Начальник британского генерального штаба Уилсон записал в дневнике: «Уинстон полностью против большевиков, и он в этом вопросе выступает против Ллойда Джорджа». Черчилль потребовал посылки союзной армии, чтобы «восстановить прежде существовавшее положение и создать демократическое правительство». Он указывал, что «большевики представляют собой лишь небольшую часть населения, они будут удалены и потеряют значение в случае, если всеобщие выборы будут проведены под присмотром союзников». Выступая за активное противодействие большевистской революции, Черчилль стал все больше полагаться не на руководителей правящих либералов (признанным лидером которой был Ллойд Джордж), а на правую часть этой коалиции, на агрессивных консерваторов. Наиболее яркая фигура среди консерваторов – Бальфур сказал в эти дни Черчиллю: «Я восхищаюсь, насколько эмоционально вы подходите к определению истины». А премьер Ллойд Джордж смотрел на своего военного министра без особого одобрения – великий политик знал, что война сделала свое дело и английский народ ни при каких обстоятельствах не предпримет крестовый поход против новой российской власти. Англичане еще оплакивали 750 тысяч своих могил в Первой мировой войне.
* * *
Черчилль вступает в период, когда – между 44 и 48 своими годами – когда он молод и энергичен при уже большом жизненном и политическом опыте, он молод для министра, имеющего такой большой политический опыт. Он с охотой летает на самолете, хотя аварии одна за другой случаются с ним в эти годы. Он опекает создаваемые Королевские военно-воздушные силы как особый род войск.

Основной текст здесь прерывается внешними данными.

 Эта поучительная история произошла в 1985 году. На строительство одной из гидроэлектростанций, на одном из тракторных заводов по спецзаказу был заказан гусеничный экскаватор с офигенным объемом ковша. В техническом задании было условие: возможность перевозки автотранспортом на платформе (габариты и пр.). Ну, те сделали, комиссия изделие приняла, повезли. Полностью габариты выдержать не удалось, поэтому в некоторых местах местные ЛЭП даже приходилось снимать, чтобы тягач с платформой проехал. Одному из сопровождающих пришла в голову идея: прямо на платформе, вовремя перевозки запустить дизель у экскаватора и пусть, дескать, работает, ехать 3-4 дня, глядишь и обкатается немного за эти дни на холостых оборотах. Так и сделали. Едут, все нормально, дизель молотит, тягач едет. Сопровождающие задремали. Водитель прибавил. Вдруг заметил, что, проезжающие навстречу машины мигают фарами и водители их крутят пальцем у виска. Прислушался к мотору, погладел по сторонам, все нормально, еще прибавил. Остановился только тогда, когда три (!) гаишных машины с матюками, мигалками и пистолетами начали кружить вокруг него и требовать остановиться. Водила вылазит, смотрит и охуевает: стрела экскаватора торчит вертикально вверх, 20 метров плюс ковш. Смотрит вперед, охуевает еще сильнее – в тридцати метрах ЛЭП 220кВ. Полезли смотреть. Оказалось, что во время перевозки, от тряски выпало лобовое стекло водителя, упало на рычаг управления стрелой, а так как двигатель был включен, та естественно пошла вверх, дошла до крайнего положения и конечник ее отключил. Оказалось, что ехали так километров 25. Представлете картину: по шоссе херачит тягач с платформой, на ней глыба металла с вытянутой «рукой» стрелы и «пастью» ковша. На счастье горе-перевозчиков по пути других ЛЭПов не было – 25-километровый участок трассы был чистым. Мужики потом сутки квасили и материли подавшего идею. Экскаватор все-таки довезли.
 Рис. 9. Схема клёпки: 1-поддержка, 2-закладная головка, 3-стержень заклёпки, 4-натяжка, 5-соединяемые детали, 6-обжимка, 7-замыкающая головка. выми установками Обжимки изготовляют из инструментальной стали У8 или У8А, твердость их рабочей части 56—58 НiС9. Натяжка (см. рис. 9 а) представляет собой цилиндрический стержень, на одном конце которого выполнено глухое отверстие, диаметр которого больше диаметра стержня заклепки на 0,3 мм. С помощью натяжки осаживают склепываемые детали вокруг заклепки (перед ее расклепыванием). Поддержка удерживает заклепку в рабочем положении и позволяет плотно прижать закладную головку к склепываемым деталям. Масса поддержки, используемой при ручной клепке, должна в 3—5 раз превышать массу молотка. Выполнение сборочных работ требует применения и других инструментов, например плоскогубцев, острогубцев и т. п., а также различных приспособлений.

Во время выборов, последовавших за окончанием второй мировой войны, едва ли не общим мнением было: «Немцы должны заплатить за все». Таково было настроение, с которым коалиция либералов и консерваторов в конце 1918 года пошла на выборы и победила. Черчилль был переизбран. Королевская комиссия пришла к заключению, что «прежде всего, благодаря восприимчивости, мужеству и энергии уважаемого Уинстона Черчилля, общая идея использования такого механизма ведения войны как танк была реализована в практической плоскости». Он показал свою исключительную работоспособность, он проявил немало мужества и неистощимую энергию. И пролетарский город Данди, где Черчилль шел в одном списке с профсоюзами, послал его в палату общин. Теперь он мог претендовать на самые высокие посты в правительстве. Лично он хотел бы вернуться в адмиралтейство. Премьер-министр Ллойд Джордж предложил ему военное министерство. Многие военные были против назначения Черчилля военным министром, считая его авантюристом, но Ллойд Джордж со своей стороны испытывал инстинктивное недоверие и неприязнь к профессиональным военным. В годы войны у него было немало столкновений с высшими британскими офицерами. Он не доверял их стратегии и много раз противопоставлял им собственные идеи. Премьер хотел видеть главою военного ведомства человека сходного темперамента.
В качестве военного министра Черчилль распоряжался армией в 3,5 млн. человек. Предполагалось, что примерно третья часть ее будет необходима для оккупации Германии и Ближнего Востока. Две трети должны были быть возвращены домой, армия требовала скорейшей мобилизации. Уже в первый день пребывания на своем посту Черчилль получил телеграмму от фельдмаршала Хейга о быстром ухудшении морального состояния войск. Волнения имели место во Франции, Фландрии, Месопотамии, Палестине, Греции и Италии. Хейг предупреждал, что, если не будет проведена быстрая демобилизация, «немцы, видя крушение нашей армии, получат возможность продиктовать новые условия мира». Самого же Черчилля больше всего беспокоило воздействие революции в России, влияние большевиков, которые вели активную пропаганду среди солдат как потерпевших поражение, так и победивших армий. Сэр Генри Уильсон – начальник генерального штаба отметил в дневнике, что новый военный министр приказал вернуть домой только те «войска, на которые можно положиться».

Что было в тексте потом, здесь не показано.